§ **Data below**
▶

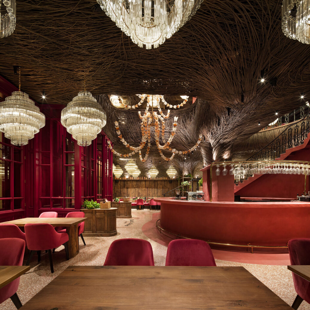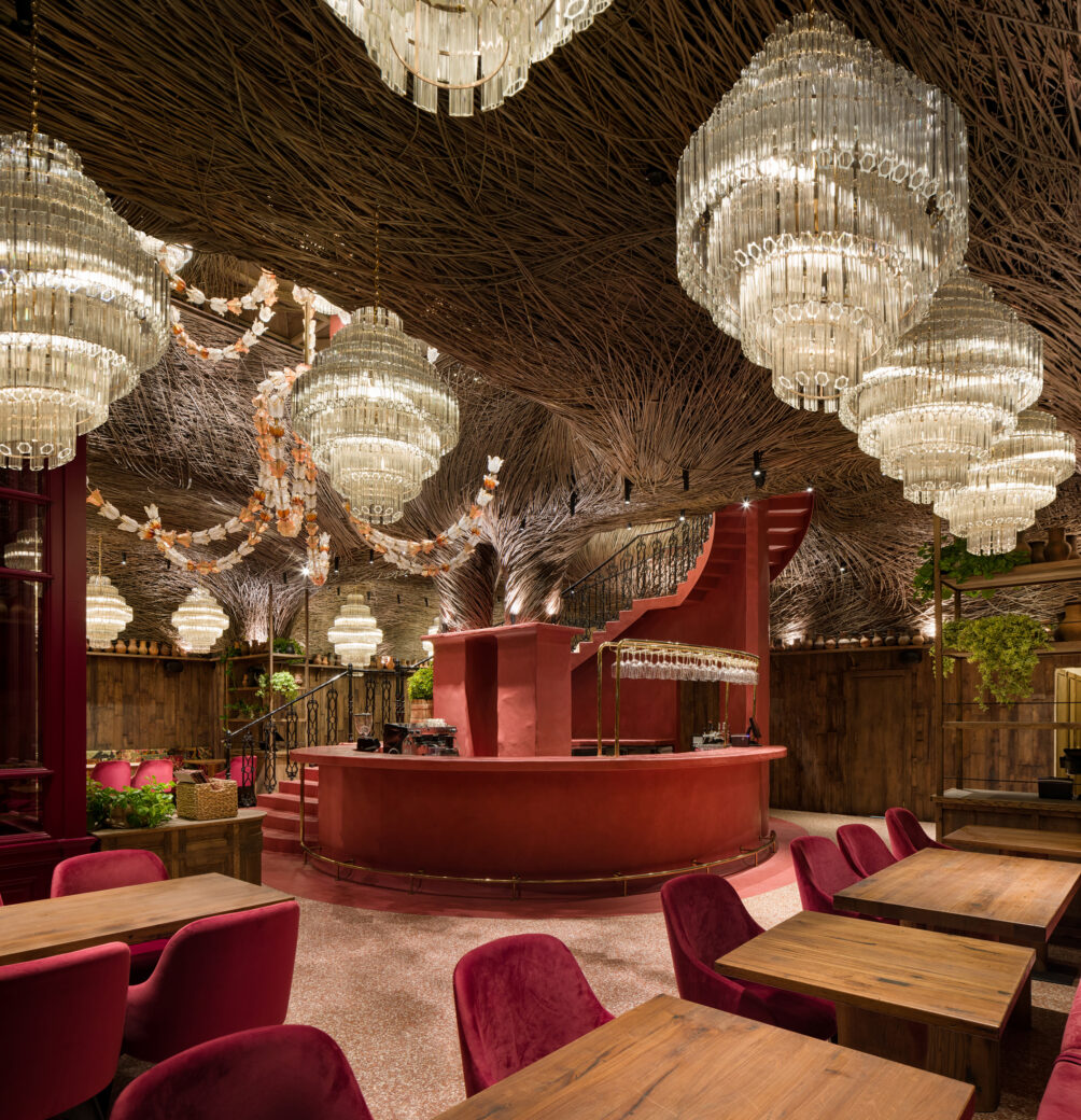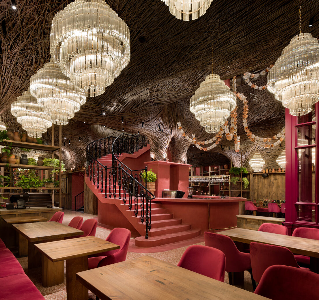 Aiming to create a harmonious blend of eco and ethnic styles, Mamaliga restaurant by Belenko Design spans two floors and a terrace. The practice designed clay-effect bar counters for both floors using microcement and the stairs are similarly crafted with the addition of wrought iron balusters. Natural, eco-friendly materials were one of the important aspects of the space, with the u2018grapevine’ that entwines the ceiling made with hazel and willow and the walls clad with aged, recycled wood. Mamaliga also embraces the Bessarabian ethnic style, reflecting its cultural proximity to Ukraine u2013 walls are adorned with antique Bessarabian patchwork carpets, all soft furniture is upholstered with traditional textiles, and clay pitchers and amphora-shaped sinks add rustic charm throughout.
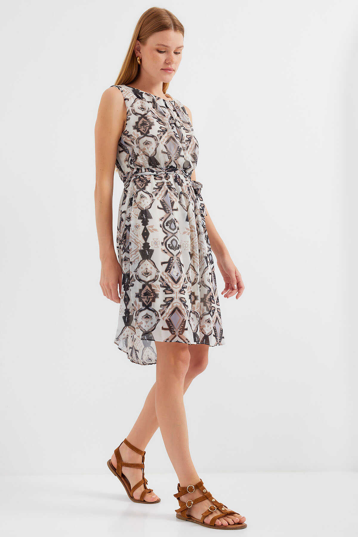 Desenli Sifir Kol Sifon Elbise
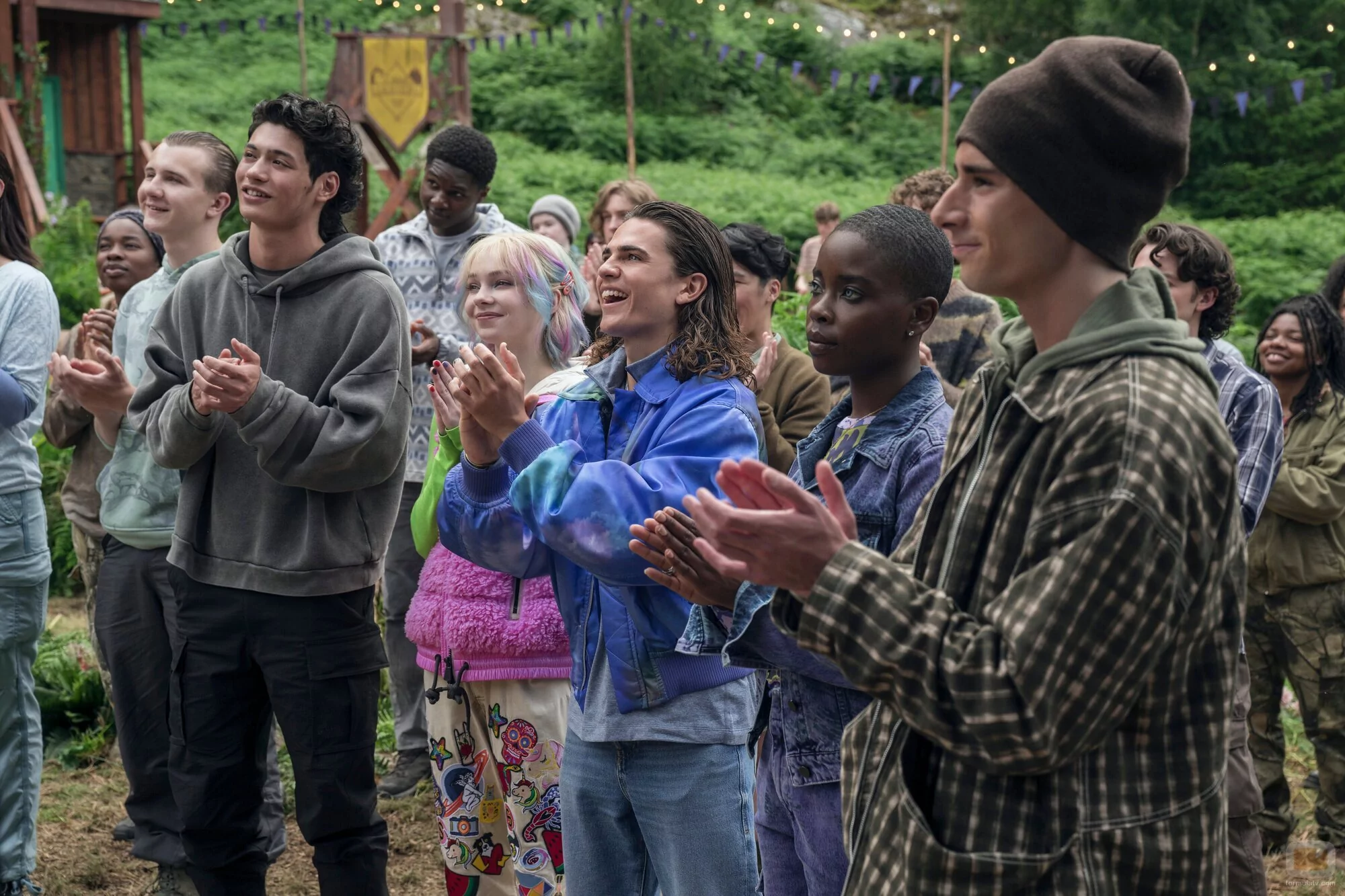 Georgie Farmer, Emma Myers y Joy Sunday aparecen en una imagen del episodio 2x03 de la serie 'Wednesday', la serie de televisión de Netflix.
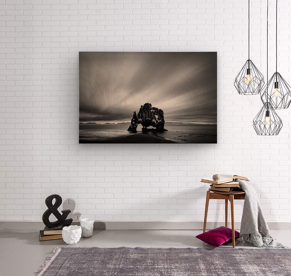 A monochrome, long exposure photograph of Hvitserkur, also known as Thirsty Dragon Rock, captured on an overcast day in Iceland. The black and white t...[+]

◀

§ **Problem**
Write out each line again, exactly as it appears above, except for any picture.

§ **Response to the task**
 Aiming to create a harmonious blend of eco and ethnic styles, Mamaliga restaurant by Belenko Design spans two floors and a terrace. The practice designed clay-effect bar counters for both floors using microcement and the stairs are similarly crafted with the addition of wrought iron balusters. Natural, eco-friendly materials were one of the important aspects of the space, with the u2018grapevine’ that entwines the ceiling made with hazel and willow and the walls clad with aged, recycled wood. Mamaliga also embraces the Bessarabian ethnic style, reflecting its cultural proximity to Ukraine u2013 walls are adorned with antique Bessarabian patchwork carpets, all soft furniture is upholstered with traditional textiles, and clay pitchers and amphora-shaped sinks add rustic charm throughout.
 Desenli Sifir Kol Sifon Elbise
 Georgie Farmer, Emma Myers y Joy Sunday aparecen en una imagen del episodio 2x03 de la serie 'Wednesday', la serie de televisión de Netflix.
 A monochrome, long exposure photograph of Hvitserkur, also known as Thirsty Dragon Rock, captured on an overcast day in Iceland. The black and white t...[+]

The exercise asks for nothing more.